Electron transport in GaN/AlGaN heterostructure
Contact Hung-Tao Chou (hungtao@) for more information.
Advanced semiconductor processing now offers
physicists a powerful tool to design and fabricate mesoscopic structures at the nanoscale.
Using this technology, we study electron transport at
the quantum regime to probe the quantum state. Almost all mesoscopic
experiments up to now have been done in GaAs/AlGaAs heterostructures.
Because of its clean interfaces with good lattice match and mature growth
and process technologies, electrons transport in this system is usually
treated as material independent and similar to electrons moving in vacuum.

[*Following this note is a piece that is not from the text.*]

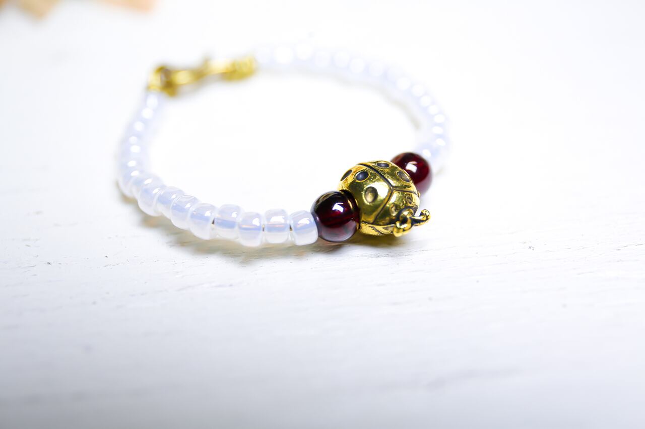 てんとう虫の両側には、天然石のガーネットを配置しました。

But when there are puzzles hard to understand such as 0.7 structure in
quantum point contacts [1,2], performing experiments on another material
with different properties would provide a direct comparison and offer us a
more insightful understanding of the physics.
We have fabricated the first quantum point contact in a GaN/AlGaN heterostructure (above) and observed clear quantized conductance plateaus and 0.7 structure (below) . An effective g-factor of 2.5 is also measured from the spin-split plateau at high magnetic field. We are now trying to study the 0.7 structure in GaN quantum point contacts more carefully and also fabricate more advanced mesoscopic structure such as quantum dots.
 K. J.
Thomas, J. T. Nicholls, M. Y. Simmons, M. Pepper, D. R. Mace, and D. A.
Ritchie, Phys. Rev. Lett. 77, 135 (1996).